The white lever is not sold separately. It comes as part of the drive unit.


----------



## cpomplun (Aug 25, 2009)

*Re: DIY - Replacing the shifter rod on a MKIV 12v VR6 (VgRt6)*

32. Install the bushing halves on the OEM rod and press the two halves TIGHTLY together (they may snap together, they may not - just make sure the two halves are touching). You also may want to put a little bit or LocTite or CrazyGlue on the pins so that the two halves can't separate inside the manifold. If they can separate(because the manifold is worn in the area of the bushings), even a little, then it may be difficult to remove the rod if you ever need to.
Umm, I did this, one snapped together, the other I had to force together. I didn't put any glue on it cause I was in a hurry







so I was going to remove the rod again today and glue the bushings, but I couldn't pull it out, part ways but it was like it was getting stuck on the bushing. (I did pull hard) Anyone know what I can do?


----------



## 509gti (May 20, 2010)

cpomplun said:


> 32. Install the bushing halves on the OEM rod and press the two halves TIGHTLY together (they may snap together, they may not - just make sure the two halves are touching). You also may want to put a little bit or LocTite or CrazyGlue on the pins so that the two halves can't separate inside the manifold. If they can separate(because the manifold is worn in the area of the bushings), even a little, then it may be difficult to remove the rod if you ever need to.
> Umm, I did this, one snapped together, the other I had to force together. I didn't put any glue on it cause I was in a hurry
> 
> 
> ...


Yeah man i'm in the same boat. Mine still sounds like engine knock at 1-2k rpm range. If i can just take off part of the mani fairly easily i would just rip it off there and take a closer look at the bushings. but haven't really had time. Its obviously a 2 stage mani. Can i take off part of the mani without actually unbolting it from the head? like i said, if i had time i'd really dig into it. any advice?


----------



## RedManVr6 (Aug 26, 2010)

VgRt6 said:


> I'm sure there is a VIN cutoff, but I don't know what it is. The ETKA says that the '99.5, '00 and '01 cars use the 697A rod, but I was under the impression that the changeover to the 653 rod was earlier than '02. I could be wrong though.
> The only real way to know is to take it out and look.
> Gary


I just pulled my rod from my 2000 vr6 and it only had 2 brushings, so im guessing that means it a 653. Also i the link for the brushings you have doesnt work for me, do you think there is another way i can get some brushings because my rod slid out with easy, didnt even have to wiggle it at all.


----------



## RedManVr6 (Aug 26, 2010)

GTI VR6 Blk on Blk said:


> I need a new clip (red arrow of picture below,) where can i get one?
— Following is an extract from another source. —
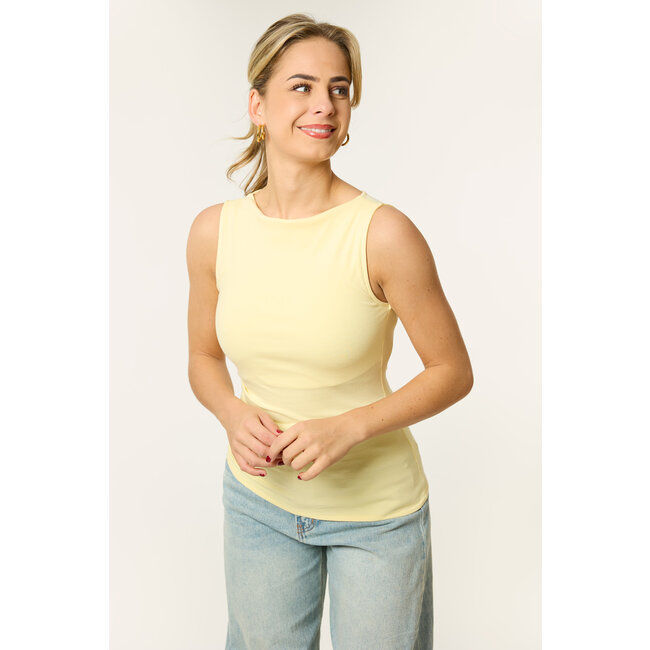 Een basic top die net dat beetje extra heeft! Deze pastel gele top heeft een subtiel schuin aflopende onderkant met een scrunched detail. De stof is zacht, licht stretchend en sluit mooi aan bij je taille. Perfect om te dragen met jouw favoriete jeans of juist te combineren met een rok of pantalon voor een wat nettere look. Casual, comfy en met een uniek detail!

You might want to look at a pull-apart, im not pro at any of this but that would be my guess. Probably way to late though.


----------



## andrew450r (Sep 1, 2010)

hey i broke that black tab connented on the shiftrod, is there anyway to fix it or do i have to buy a whole new rod?


----------



## gti vr6er (Oct 8, 2010)

Sorry got bringin s post back from the dead guys, but I really need shift rod bushings as this sound is driving me crazy but the link doesn't work. If someone has a proper way of getting them, if really appreciate it. 

Thanks.


----------



## gti vr6er (Oct 8, 2010)

Found it, nevermind.


----------



## NH-JK (Feb 24, 2011)

*Question!!!!*

Can anyone confirm if the 2001 has the old style or new style shifter rod.... I want to do this mod but want to do it all at once...


----------



## nicks02glx (Apr 11, 2010)

NH-JK said:


> Can anyone confirm if the 2001 has the old style or new style shifter rod.... I want to do this mod but want to do it all at once...


IMO Depending on how many miles you have i would just recommend just buying a new shifter rod and buying the puals bushings and that way you know you will be good to go.


----------



## nicks02glx (Apr 11, 2010)

My problem is about 13k miles ago i had the shifter rod replaced and a month ago it started to fail again so i bought the puals bushings and it sounded great for a few thousand miles and now its going out again. A friend had mentioned maybe my vacuum unit might be getting weak and allowing free play but not sure. All i know is this is getting old FAST!!!


----------



## VR6GTI00 (Aug 29, 2010)

Okay, no doubt I have this problem. My questions are..

1. I have 198k and I bought car 40k ago and been doing it the whole time, when does manifold get worn where bushings are futile?
2. I am an idiot and your dyno pics, technical readings and jargon is like Korean to me. In layman's terms, will my performance improve? 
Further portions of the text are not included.